Exercise objective: What is needed is an exact copy of every entry, without the pictures.

————————

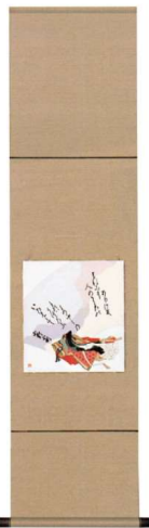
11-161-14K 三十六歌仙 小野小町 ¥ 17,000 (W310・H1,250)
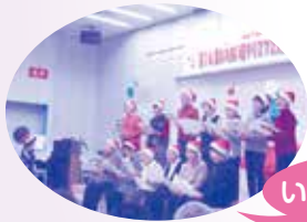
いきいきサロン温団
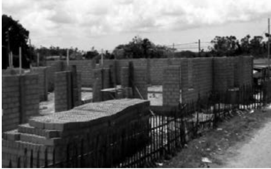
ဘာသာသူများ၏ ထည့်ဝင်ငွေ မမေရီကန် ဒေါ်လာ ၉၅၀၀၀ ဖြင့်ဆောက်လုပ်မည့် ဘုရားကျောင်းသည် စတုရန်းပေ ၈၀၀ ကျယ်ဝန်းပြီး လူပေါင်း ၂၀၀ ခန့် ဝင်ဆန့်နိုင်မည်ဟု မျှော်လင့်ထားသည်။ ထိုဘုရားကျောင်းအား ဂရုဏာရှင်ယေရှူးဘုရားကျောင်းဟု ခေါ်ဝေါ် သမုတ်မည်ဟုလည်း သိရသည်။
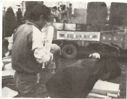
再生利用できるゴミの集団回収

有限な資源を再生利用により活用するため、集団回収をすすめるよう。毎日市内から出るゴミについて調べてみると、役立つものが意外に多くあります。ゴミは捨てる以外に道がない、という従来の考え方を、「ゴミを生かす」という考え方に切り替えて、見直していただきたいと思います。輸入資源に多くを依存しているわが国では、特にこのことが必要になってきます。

————————

Final answer:
11-161-14K 三十六歌仙 小野小町 ¥ 17,000 (W310・H1,250)
いきいきサロン温団
ဘာသာသူများ၏ ထည့်ဝင်ငွေ မမေရီကန် ဒေါ်လာ ၉၅၀၀၀ ဖြင့်ဆောက်လုပ်မည့် ဘုရားကျောင်းသည် စတုရန်းပေ ၈၀၀ ကျယ်ဝန်းပြီး လူပေါင်း ၂၀၀ ခန့် ဝင်ဆန့်နိုင်မည်ဟု မျှော်လင့်ထားသည်။ ထိုဘုရားကျောင်းအား ဂရုဏာရှင်ယေရှူးဘုရားကျောင်းဟု ခေါ်ဝေါ် သမုတ်မည်ဟုလည်း သိရသည်။
再生利用できるゴミの集団回収

有限な資源を再生利用により活用するため、集団回収をすすめるよう。毎日市内から出るゴミについて調べてみると、役立つものが意外に多くあります。ゴミは捨てる以外に道がない、という従来の考え方を、「ゴミを生かす」という考え方に切り替えて、見直していただきたいと思います。輸入資源に多くを依存しているわが国では、特にこのことが必要になってきます。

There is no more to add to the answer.